Data entries:

---+---

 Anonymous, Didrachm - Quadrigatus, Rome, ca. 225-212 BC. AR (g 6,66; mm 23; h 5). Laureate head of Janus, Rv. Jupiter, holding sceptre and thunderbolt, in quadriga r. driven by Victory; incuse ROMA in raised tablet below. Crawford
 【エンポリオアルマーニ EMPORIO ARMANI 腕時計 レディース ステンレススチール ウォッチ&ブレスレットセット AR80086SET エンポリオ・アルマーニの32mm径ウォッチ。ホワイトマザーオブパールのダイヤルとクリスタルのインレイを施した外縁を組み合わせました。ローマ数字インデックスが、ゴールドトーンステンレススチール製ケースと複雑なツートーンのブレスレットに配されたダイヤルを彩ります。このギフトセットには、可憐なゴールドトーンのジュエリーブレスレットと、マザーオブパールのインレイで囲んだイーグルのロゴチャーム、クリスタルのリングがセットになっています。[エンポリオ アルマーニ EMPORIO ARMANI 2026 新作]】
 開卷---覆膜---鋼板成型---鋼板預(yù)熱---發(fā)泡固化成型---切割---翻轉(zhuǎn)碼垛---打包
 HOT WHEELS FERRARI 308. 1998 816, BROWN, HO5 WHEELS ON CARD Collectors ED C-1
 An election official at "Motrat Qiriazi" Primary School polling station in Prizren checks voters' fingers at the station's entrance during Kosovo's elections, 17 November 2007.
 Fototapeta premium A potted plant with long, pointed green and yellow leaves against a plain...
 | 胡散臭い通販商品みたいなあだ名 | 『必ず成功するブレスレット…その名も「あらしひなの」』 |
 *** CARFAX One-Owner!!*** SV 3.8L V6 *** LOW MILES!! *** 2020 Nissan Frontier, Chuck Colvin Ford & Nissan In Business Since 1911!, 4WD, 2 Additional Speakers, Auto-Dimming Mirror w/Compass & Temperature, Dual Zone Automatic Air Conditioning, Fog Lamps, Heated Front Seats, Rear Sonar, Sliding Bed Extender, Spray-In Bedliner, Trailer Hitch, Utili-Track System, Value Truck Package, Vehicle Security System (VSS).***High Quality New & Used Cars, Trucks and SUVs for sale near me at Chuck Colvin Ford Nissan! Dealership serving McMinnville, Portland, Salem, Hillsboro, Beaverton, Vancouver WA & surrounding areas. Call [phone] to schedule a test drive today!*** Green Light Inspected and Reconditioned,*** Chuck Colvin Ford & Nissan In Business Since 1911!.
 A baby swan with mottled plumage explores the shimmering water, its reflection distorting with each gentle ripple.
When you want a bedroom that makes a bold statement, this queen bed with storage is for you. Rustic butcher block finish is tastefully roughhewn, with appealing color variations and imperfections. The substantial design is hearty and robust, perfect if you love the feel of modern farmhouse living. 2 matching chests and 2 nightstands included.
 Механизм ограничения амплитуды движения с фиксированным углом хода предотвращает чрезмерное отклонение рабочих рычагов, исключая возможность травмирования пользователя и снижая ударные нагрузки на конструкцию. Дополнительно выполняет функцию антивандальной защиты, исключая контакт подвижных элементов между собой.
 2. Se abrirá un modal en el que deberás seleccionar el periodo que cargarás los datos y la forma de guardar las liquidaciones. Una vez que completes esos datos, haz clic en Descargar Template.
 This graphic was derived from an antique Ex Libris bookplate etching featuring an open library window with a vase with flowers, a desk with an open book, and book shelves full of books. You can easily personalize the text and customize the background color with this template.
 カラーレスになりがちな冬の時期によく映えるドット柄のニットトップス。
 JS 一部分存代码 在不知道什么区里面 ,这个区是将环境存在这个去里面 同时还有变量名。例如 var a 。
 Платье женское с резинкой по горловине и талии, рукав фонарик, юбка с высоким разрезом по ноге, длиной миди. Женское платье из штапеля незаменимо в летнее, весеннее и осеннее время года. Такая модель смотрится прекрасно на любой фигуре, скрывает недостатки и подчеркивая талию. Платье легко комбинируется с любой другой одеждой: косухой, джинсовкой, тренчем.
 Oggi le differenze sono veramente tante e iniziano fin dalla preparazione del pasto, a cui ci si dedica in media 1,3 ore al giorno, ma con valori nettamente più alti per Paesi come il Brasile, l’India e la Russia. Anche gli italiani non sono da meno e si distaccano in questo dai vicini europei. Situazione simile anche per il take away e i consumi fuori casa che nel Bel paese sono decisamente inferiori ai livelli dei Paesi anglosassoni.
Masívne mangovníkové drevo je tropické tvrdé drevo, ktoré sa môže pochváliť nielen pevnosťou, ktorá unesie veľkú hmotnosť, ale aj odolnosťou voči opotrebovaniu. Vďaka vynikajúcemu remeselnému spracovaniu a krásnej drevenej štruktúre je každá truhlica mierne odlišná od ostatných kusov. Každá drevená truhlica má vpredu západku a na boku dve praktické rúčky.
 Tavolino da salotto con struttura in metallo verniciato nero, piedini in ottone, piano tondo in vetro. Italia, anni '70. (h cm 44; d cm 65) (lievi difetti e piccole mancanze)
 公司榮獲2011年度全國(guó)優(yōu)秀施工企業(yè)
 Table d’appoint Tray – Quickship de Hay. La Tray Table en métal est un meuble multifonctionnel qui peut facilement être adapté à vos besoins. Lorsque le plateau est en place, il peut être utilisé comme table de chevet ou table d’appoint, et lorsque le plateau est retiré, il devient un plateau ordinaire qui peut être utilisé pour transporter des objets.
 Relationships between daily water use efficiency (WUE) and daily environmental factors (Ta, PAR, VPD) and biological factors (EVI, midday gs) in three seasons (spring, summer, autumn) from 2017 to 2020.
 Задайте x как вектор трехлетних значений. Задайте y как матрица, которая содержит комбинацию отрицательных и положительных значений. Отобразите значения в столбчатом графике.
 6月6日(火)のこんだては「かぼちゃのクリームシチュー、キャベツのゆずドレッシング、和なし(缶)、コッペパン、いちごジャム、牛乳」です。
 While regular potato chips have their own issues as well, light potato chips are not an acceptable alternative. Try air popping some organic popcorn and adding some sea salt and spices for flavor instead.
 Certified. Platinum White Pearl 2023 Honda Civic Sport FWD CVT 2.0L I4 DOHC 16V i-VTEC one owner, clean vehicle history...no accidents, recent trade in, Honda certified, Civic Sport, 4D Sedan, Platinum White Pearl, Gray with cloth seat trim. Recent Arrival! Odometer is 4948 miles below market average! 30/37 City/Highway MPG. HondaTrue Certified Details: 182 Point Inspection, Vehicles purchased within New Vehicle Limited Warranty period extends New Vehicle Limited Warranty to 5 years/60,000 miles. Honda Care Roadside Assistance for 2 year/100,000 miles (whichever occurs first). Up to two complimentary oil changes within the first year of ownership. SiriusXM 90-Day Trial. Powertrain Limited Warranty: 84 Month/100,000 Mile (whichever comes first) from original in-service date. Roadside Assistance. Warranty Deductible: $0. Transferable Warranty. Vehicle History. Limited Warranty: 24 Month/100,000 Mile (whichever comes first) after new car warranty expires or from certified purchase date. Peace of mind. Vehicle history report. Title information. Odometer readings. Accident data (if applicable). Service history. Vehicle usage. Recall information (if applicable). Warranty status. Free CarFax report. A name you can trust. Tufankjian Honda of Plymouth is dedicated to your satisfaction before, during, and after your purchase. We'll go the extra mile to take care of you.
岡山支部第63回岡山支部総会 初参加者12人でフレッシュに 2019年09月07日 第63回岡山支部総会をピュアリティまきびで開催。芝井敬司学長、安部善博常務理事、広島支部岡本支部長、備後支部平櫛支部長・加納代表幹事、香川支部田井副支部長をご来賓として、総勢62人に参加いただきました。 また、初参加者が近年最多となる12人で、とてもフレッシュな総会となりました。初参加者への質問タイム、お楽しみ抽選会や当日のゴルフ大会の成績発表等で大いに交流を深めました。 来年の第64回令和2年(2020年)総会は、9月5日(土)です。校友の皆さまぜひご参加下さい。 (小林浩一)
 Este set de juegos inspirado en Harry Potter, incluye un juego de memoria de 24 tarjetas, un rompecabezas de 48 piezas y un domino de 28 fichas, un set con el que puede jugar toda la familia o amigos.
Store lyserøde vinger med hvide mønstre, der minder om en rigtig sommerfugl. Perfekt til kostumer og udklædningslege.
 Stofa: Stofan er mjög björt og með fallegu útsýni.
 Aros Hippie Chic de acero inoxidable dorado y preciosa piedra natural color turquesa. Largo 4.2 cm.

---+---

◆ What you are asked to do: Copy the records above exactly, beginning at the line that contains "An election official" and stopping after the line that contains "A baby swan".

◆ Exercise output:
 An election official at "Motrat Qiriazi" Primary School polling station in Prizren checks voters' fingers at the station's entrance during Kosovo's elections, 17 November 2007.
 Fototapeta premium A potted plant with long, pointed green and yellow leaves against a plain...
 | 胡散臭い通販商品みたいなあだ名 | 『必ず成功するブレスレット…その名も「あらしひなの」』 |
 *** CARFAX One-Owner!!*** SV 3.8L V6 *** LOW MILES!! *** 2020 Nissan Frontier, Chuck Colvin Ford & Nissan In Business Since 1911!, 4WD, 2 Additional Speakers, Auto-Dimming Mirror w/Compass & Temperature, Dual Zone Automatic Air Conditioning, Fog Lamps, Heated Front Seats, Rear Sonar, Sliding Bed Extender, Spray-In Bedliner, Trailer Hitch, Utili-Track System, Value Truck Package, Vehicle Security System (VSS).***High Quality New & Used Cars, Trucks and SUVs for sale near me at Chuck Colvin Ford Nissan! Dealership serving McMinnville, Portland, Salem, Hillsboro, Beaverton, Vancouver WA & surrounding areas. Call [phone] to schedule a test drive today!*** Green Light Inspected and Reconditioned,*** Chuck Colvin Ford & Nissan In Business Since 1911!.
 A baby swan with mottled plumage explores the shimmering water, its reflection distorting with each gentle ripple.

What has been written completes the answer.